## What to produce
Please repeat exactly, and only, the lines from the one containing "informa la asociación." through the end of the records below, with no pictures.

## Data records
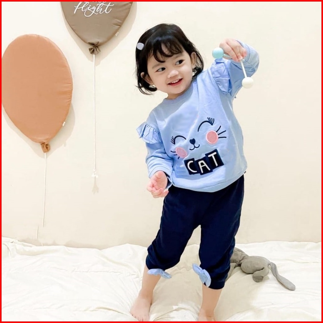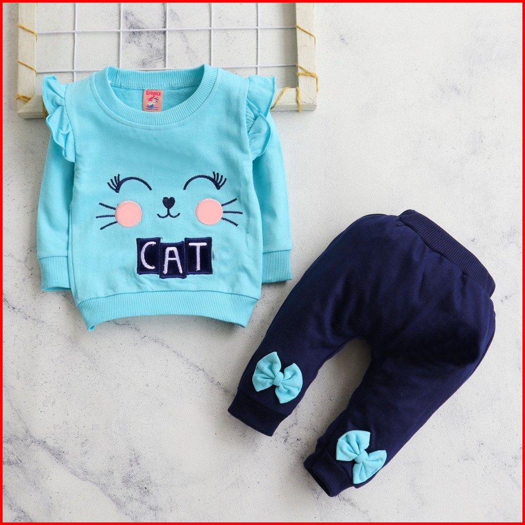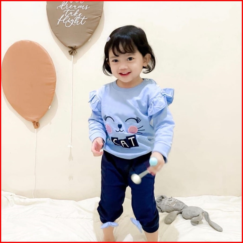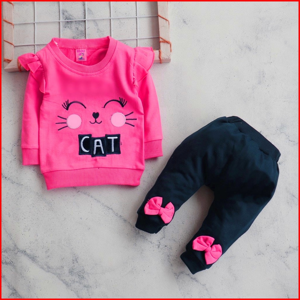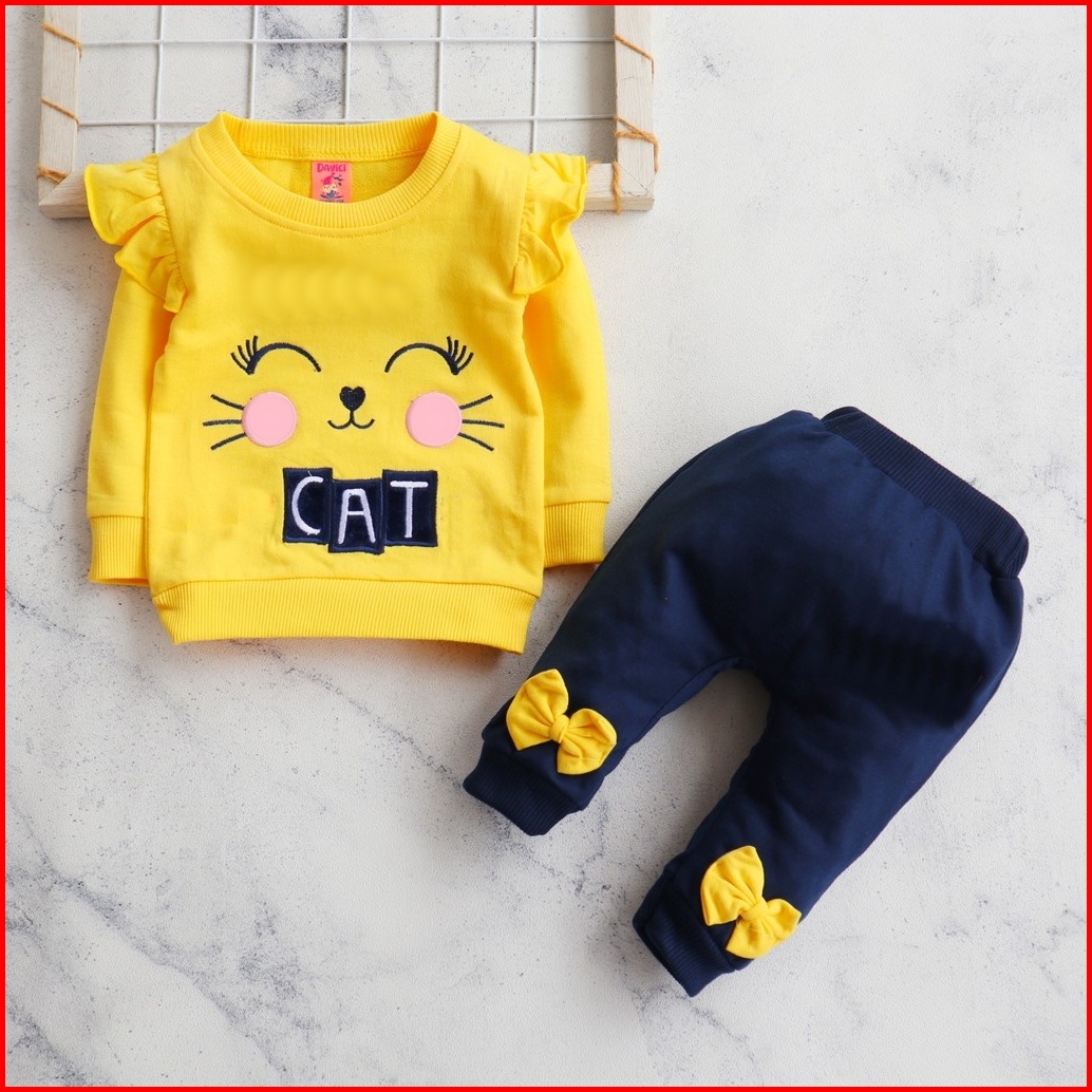 Zahra Oneset Anak Perempuan Popoki Bahan Fleece Pakaian Set Anak Lucu Umur 1-6 Tahun
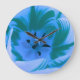 Cette horloge impressionnante présente une belle photo d'une tulipe. La photo a été colorée artificiellement, ce qui donne une fleur bleu vif avec plusieurs nuances de bleu sur les pétales.
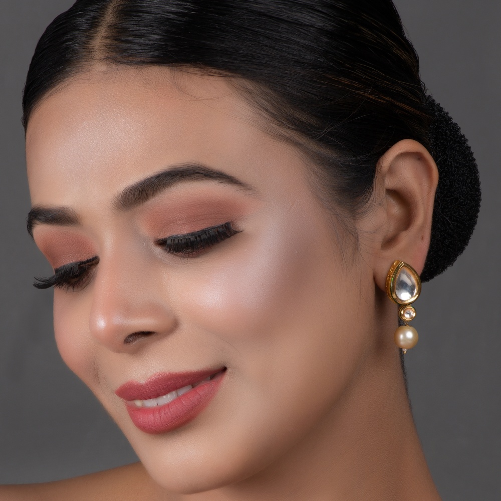 The Kundan Polki Teardrop Pearl Drop Earrings Pair captures the beauty of traditional Indian craftsmanship in a compact, elegant form. Crafted in brass with a warm golden finish, these 1.10-inch earrings feature radiant polki-style kundan stones arranged in a graceful teardrop silhouette. A delicate pearl drop adds softness and refined movement, enhancing the overall balance of shine and subtlety. Designed for timeless appeal, they are perfect for festive, bridal, and elegant everyday styling.
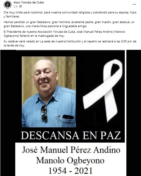 “El Presidente de nuestra Asociación Yoruba de Cuba, José Manuel Pérez Andino (Manolo Ogbeyono) falleció en la madrugada de hoy”, informa la asociación.
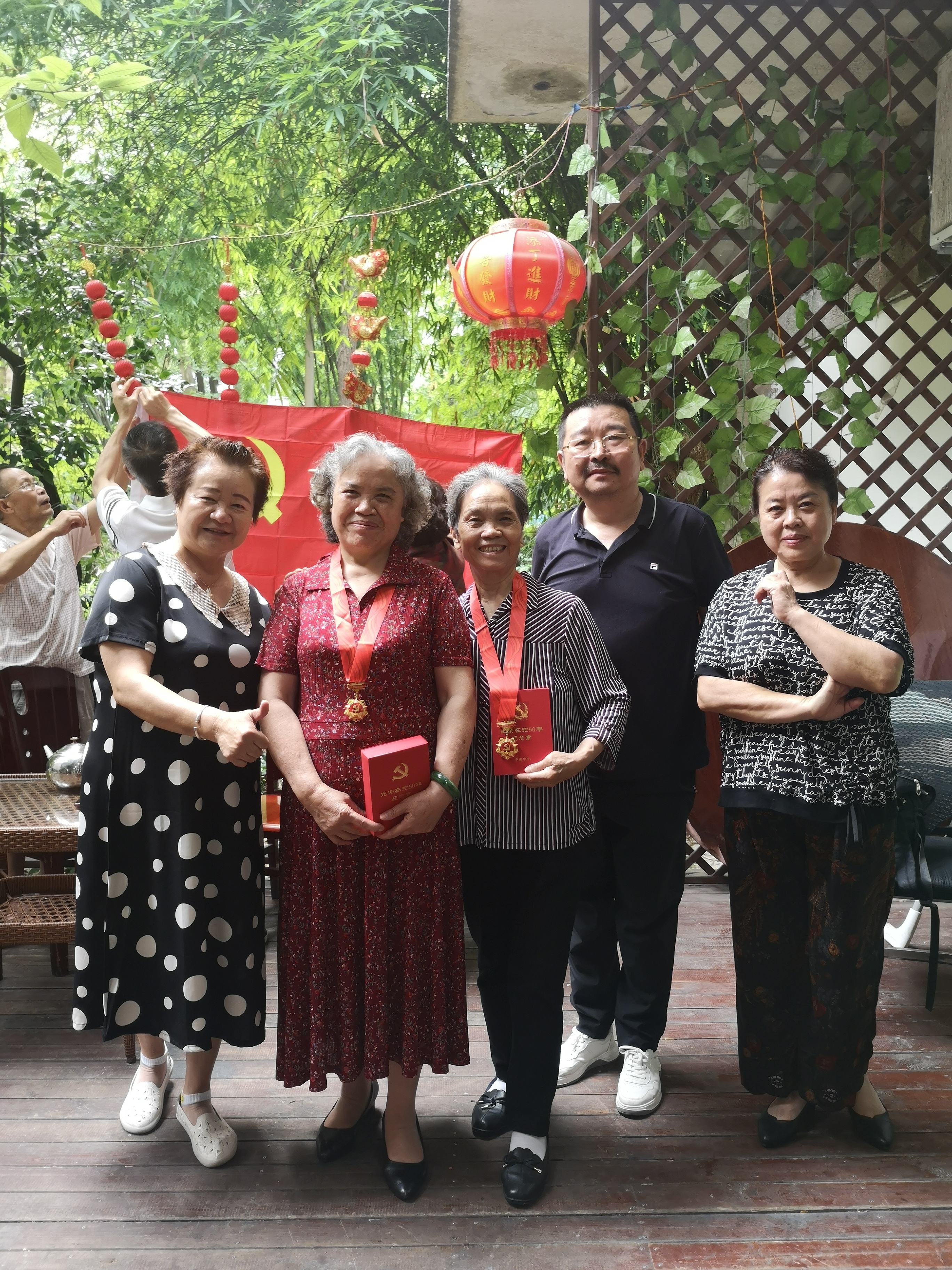 我校今年共有五名老党员获得“光荣在党50年”纪念章,离退休处根据退休党员的实际情况,采取了现场颁发、主题党日活动颁发、上门颁发三种方式。
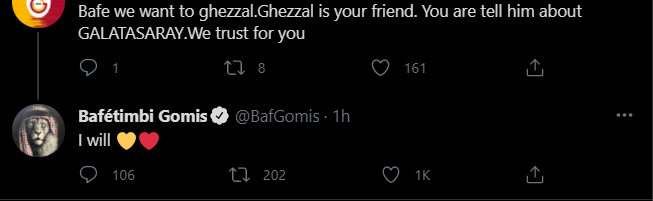 Bir Galatasaray taraftarının, "Biz Ghezzal'ı istiyoruz. Senin arkadaşın. Onunla konuş ve kendisine Galatasaray'ı anlat. Sana güveniyoruz." sözleri üzerine sarı kırmızılıların eski golcüsü Bafetimbi Gomis, "Yapacağım." yanıtını verdi.
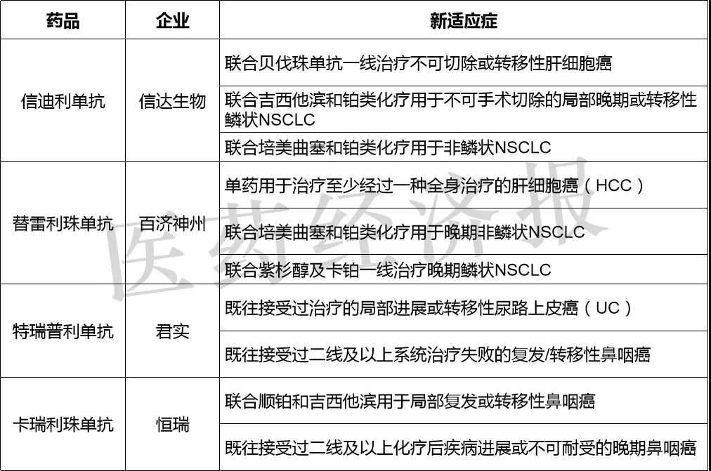 四大国产PD-1药物新增适应症情况

## Output for this exercise
 “El Presidente de nuestra Asociación Yoruba de Cuba, José Manuel Pérez Andino (Manolo Ogbeyono) falleció en la madrugada de hoy”, informa la asociación.
 我校今年共有五名老党员获得“光荣在党50年”纪念章,离退休处根据退休党员的实际情况,采取了现场颁发、主题党日活动颁发、上门颁发三种方式。
 Bir Galatasaray taraftarının, "Biz Ghezzal'ı istiyoruz. Senin arkadaşın. Onunla konuş ve kendisine Galatasaray'ı anlat. Sana güveniyoruz." sözleri üzerine sarı kırmızılıların eski golcüsü Bafetimbi Gomis, "Yapacağım." yanıtını verdi.
 四大国产PD-1药物新增适应症情况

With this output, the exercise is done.